5

Is there a way to tell Pandas to use a specific pickle protocol (e.g. 4) when writing an HDF5 file?

Here is the situation (much simplified):

  • Client A is using python=3.8.1 (as well as pandas=1.0.0 and pytables=3.6.1). A writes some DataFrame using df.to_hdf(file, key).

  • Client B is using python=3.7.1 (and, as it happened, pandas=0.25.1 and pytables=3.5.2 --but that's irrelevant). B tries to read the data written by A using pd.read_hdf(file, key), and fails with ValueError: unsupported pickle protocol: 5.

Mind you, this doesn't happen with a purely numerical DataFrame (e.g. pd.DataFrame(np.random.normal(size=(10,10))).
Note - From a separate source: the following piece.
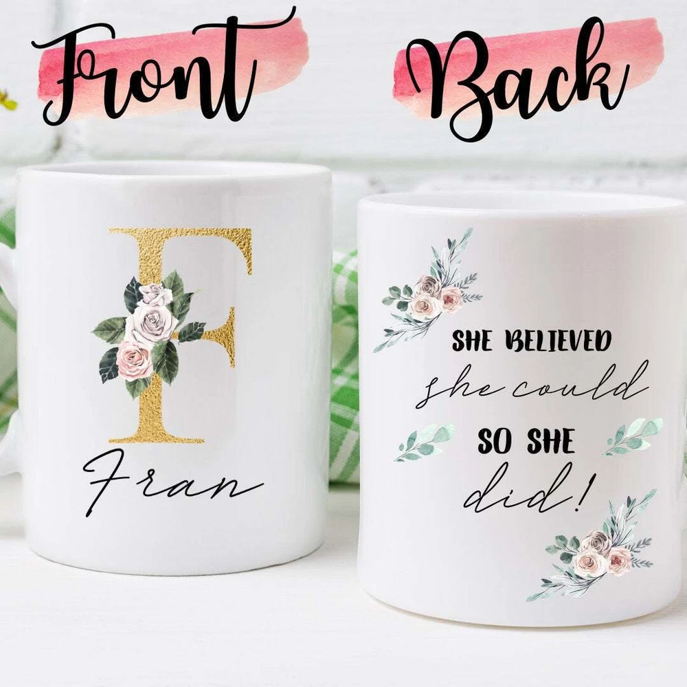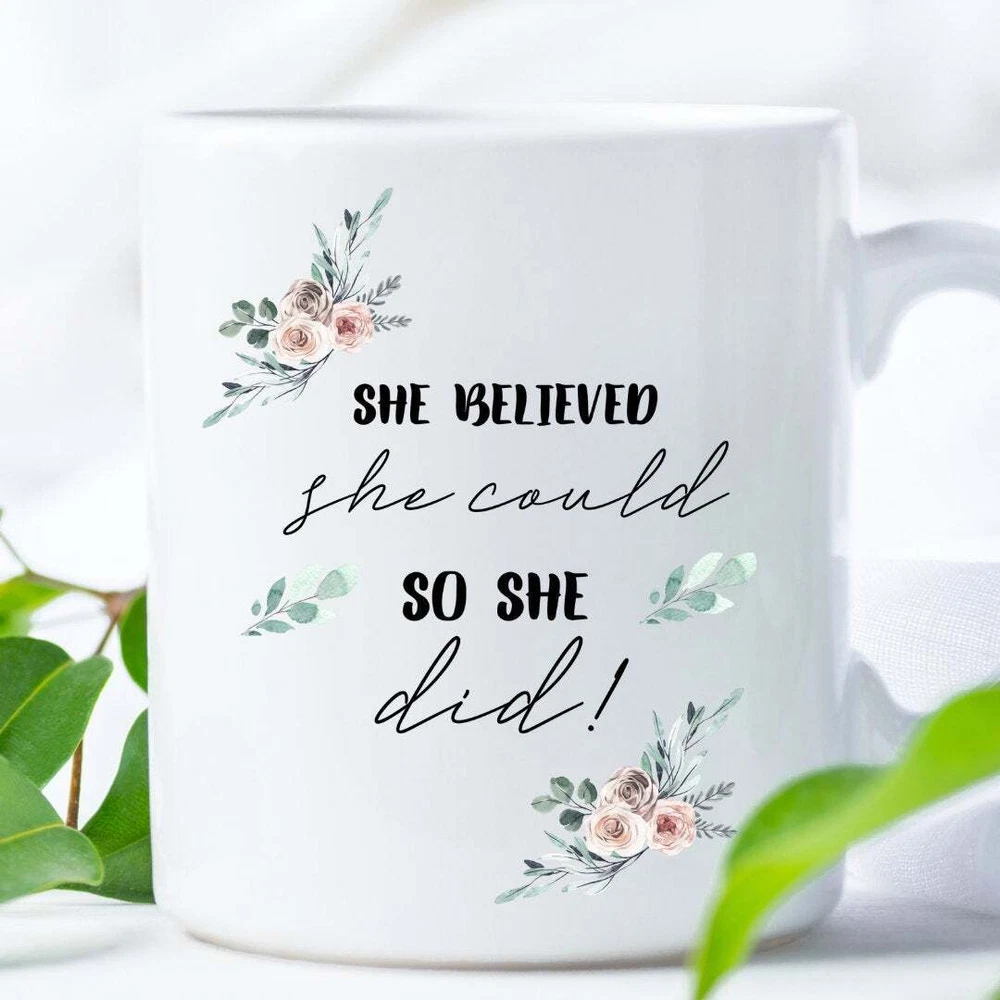 Personalised Monogrammed Mug She Believed She Could House Warming Gift Grad Gift Product Details.. This high quality 11oz. ceramic white mug has a premium hard coat that provides crisp and vibrant color reproduction sure to last for years. Perfect for all hot & cold beverages. The highest quality printing possible is used. It will never fade no matter how many times you wash it. Material: 100% Ceramic. Print both sides. Dishwasher and Microwave Safe. High Gloss + Premium White Finish. Printed in the U.S.A. Personalized & Custom. We support personalized and custom mug to add custom, when placing an order, you can add notes to the "order note" in shipping address section. Also you can contact us directly via message. Shipping Info. Ready to ship in 1 to 2 business days, All products are made-to-order and proudly printed in the United States. Shipped by USPS and DHL, You will receive your order in 5-7 days. Replace & Refund. All products are defective during shipping broken, chipped will be replaced free of charge. You are not satisfied with the product, we will refund 100% money to you. If any other issues arise, please do not hesitate to message, we would be more than happy to assist you.

So here is a reproducible example:

(base) $ conda activate py38
(py38) $ python
Python 3.8.1 (default, Jan  8 2020, 22:29:32)
[GCC 7.3.0] :: Anaconda, Inc. on linux
Type "help", "copyright", "credits" or "license" for more information.
>>> import pandas as pd
>>> df = pd.DataFrame(['hello', 'world']))
>>> df.to_hdf('foo', 'x')
>>> exit()
(py38) $ conda deactivate
(base) $ python
Python 3.7.4 (default, Aug 13 2019, 20:35:49)
[GCC 7.3.0] :: Anaconda, Inc. on linux
Type "help", "copyright", "credits" or "license" for more information.
>>> import pandas as pd
>>> df = pd.read_hdf('foo', 'x')
Traceback (most recent call last):
  File "<stdin>", line 1, in <module>
  File "/opt/anaconda3/lib/python3.7/site-packages/pandas/io/pytables.py", line 407, in read_hdf
    return store.select(key, auto_close=auto_close, **kwargs)
  File "/opt/anaconda3/lib/python3.7/site-packages/pandas/io/pytables.py", line 782, in select
    return it.get_result()
  File "/opt/anaconda3/lib/python3.7/site-packages/pandas/io/pytables.py", line 1639, in get_result
    results = self.func(self.start, self.stop, where)
  File "/opt/anaconda3/lib/python3.7/site-packages/pandas/io/pytables.py", line 766, in func
    return s.read(start=_start, stop=_stop, where=_where, columns=columns)
  File "/opt/anaconda3/lib/python3.7/site-packages/pandas/io/pytables.py", line 3206, in read
    "block{idx}_values".format(idx=i), start=_start, stop=_stop
  File "/opt/anaconda3/lib/python3.7/site-packages/pandas/io/pytables.py", line 2737, in read_array
    ret = node[0][start:stop]
  File "/opt/anaconda3/lib/python3.7/site-packages/tables/vlarray.py", line 681, in __getitem__
    return self.read(start, stop, step)[0]
  File "/opt/anaconda3/lib/python3.7/site-packages/tables/vlarray.py", line 825, in read
    outlistarr = [atom.fromarray(arr) for arr in listarr]
  File "/opt/anaconda3/lib/python3.7/site-packages/tables/vlarray.py", line 825, in <listcomp>
    outlistarr = [atom.fromarray(arr) for arr in listarr]
  File "/opt/anaconda3/lib/python3.7/site-packages/tables/atom.py", line 1227, in fromarray
    return six.moves.cPickle.loads(array.tostring())
ValueError: unsupported pickle protocol: 5
>>>

Note: I tried also reading using pandas=1.0.0 (and pytables=3.6.1) in python=3.7.4. That fails too, so I believe it is simply the Python version (3.8 writer vs 3.7 reader) that causes the problem. This makes sense since pickle protocol 5 was introduced as PEP-574 for Python 3.8.

Pierre D
  • 13,780
  • 6
  • 42
  • 72

3 Answers3

4

Update: I was wrong to assume this was not possible. In fact, based on the excellent "monkey-patch" suggestion of @PiotrJurkiewicz, here is a simple context manager that lets us temporarily change the highest pickle protocol. It:

  1. Hides the monkey-patching, and
  2. Has no side-effect outside of the context; it can be used at any time, whether pickle was previously imported or not, before or after pandas, no matter.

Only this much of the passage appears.